90' Enquêtes - Emploi, logement, surendettement : enquête sur la France de la précarité diffusé en avril 2009 sur AB3. Compilation de plusieurs reportages inédit sur la précarité, le chômage, le surendettement, la prostitution des étudiantes, la discrimination à l'embauche en France.


- Sujet 1 : "Logement et pouvoir d'achat, enquête sur les nouveaux visages de la précarité." Aujourd'hui, en France, la précarité concerne de plus en plus de monde. Se loger, travailler, se nourrir : autant de préoccupations sources d'inquiétudes pour beaucoup de Français. Ainsi, une personne sur huit vit actuellement sous le seuil de pauvreté, avec moins de 810 euros par mois. Enquête réalisée par Corinne LANGLOIS - 2008.

 

Sujet 2 : "Comment sortir du surendettement?" Face à la baisse du pouvoir d'achat, de plus en plus de Français peinent à rembourser leurs dettes.
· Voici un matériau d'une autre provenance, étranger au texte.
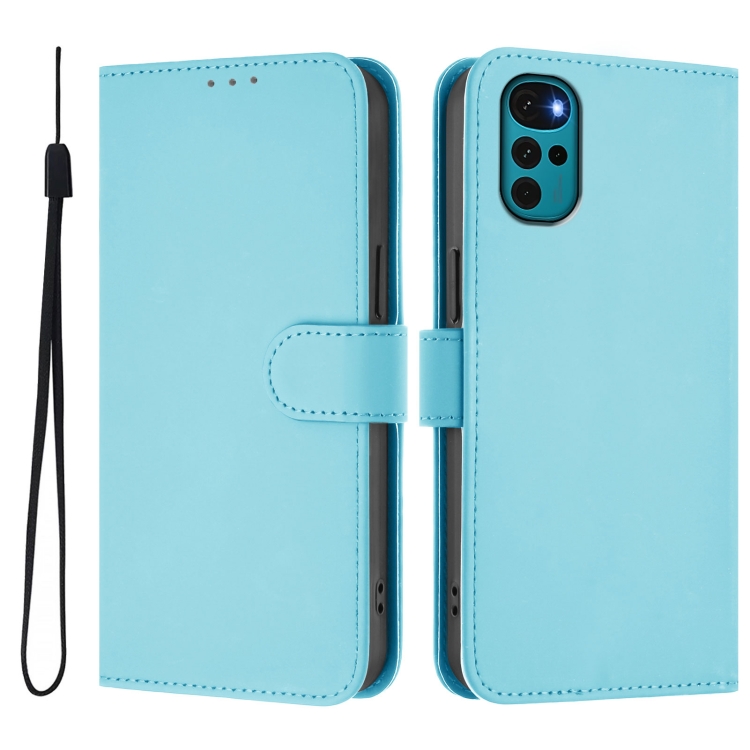 Funda de Piel Sintética con Cordón para Motorola Moto G22 4G/E32S (Azul Cielo)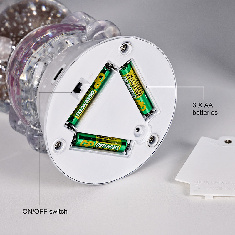 పిగ్ షేడ్ RGB గ్లిట్టర్ టేబుల్ ల్యాంప్ దిగువ భాగంలో సరళమైన మరియు సొగసైన తెల్లటి బేస్ డిజైన్ను కలిగి ఉంది, ఇది మొత్తం సౌందర్యాన్ని మెరుగుపరచడమే కాకుండా టిప్పింగ్ నిరోధించడానికి స్థిరత్వాన్ని మెరుగుపరుస్తుంది. బేస్ అంతర్గత బ్యాటరీ కంపార్ట్మెంట్ను కలిగి ఉంది, ఇక్కడ వినియోగదారులు మూడు AAA బ్యాటరీలను సులభంగా ఇన్స్టాల్ చేయవచ్చు (చేర్చబడలేదు). ప్లగ్ ఇన్ అవసరం లేకుండా, ఇది పోర్టబిలిటీని అందిస్తుంది మరియు మంచం, డెస్క్, తొట్టి లేదా ప్రయాణ సమయంలో ఉంచడానికి అనువైనది. స్విచ్ డిజైన్ వినియోగదారు-స్నేహపూర్వకంగా ఉంటుంది, సాధారణ టచ్తో సులభంగా ఆన్/ఆఫ్ కంట్రోల్ని అనుమతిస్తుంది, దీన్ని సురక్షితంగా మరియు సూటిగా ఆపరేట్ చేయడం-ముఖ్యంగా పిల్లలు స్వతంత్రంగా ఉపయోగించడానికి అనుకూలంగా ఉంటుంది.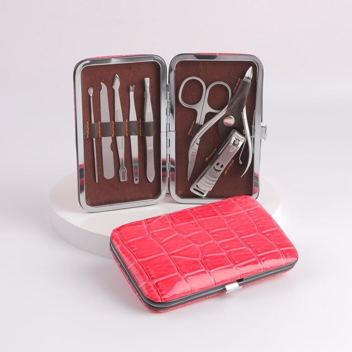 Набор маникюрный Рептилия, 8 предметов, цвет красный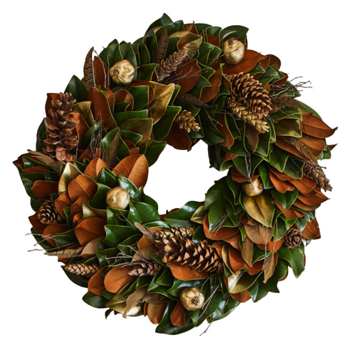 Crown your doorway with a glistening circlet of nature’s finest! A ring of fresh greenery from the regal evergreen Southern Magnolia is the heart of this magnificent arrangement. Golden lacquered accent leaves and pomegranates are positioned like sparkling jewels throughout, while shimmering pinecones, twigs, and feathers bring the piece back to nature. A captivating style for your doorstep!

Alors qu'ils additionnent plusieurs crédits (maison, voiture, consommation...)beaucoup de français se retrouvent confronter à l'enfer du surendettement. Seul espoir alors : bénéficier de la procédure de rétablissement personnel (PRP) instaurée en 2003 par la loi Borloo. L'année dernière, 180 000 familles ont déposé un dossier de surendettement à la Banque de France pour tenter de refaire surface. Corinne Langlois a suivi pendant plusieurs mois des familles surendettées. Enquête réalisée par Corinne LANGLOIS (2008).

 

- Sujet 3 : "Logement, emploi, pouvoir d'achat : Comment les jeunes essaient-ils de s'en sortir?" Stagiaires exploités, loyers trop chers, marché de l'emploi bloqué : la crise plonge les plus jeunes dans la galère. Aujourd'hui en France, un étudiant sur cinq doit abandonner ses études pour des raisons financières et 100 000 jeunes vivent sous le seuil de pauvreté.
Qui sont ces jeunes qui subissent un système dont ils sont pourtant censés incarner l'avenir ? Comment s'en sortent-ils ? Christophe Pallée et Matthias Favron ont enquêté (2008).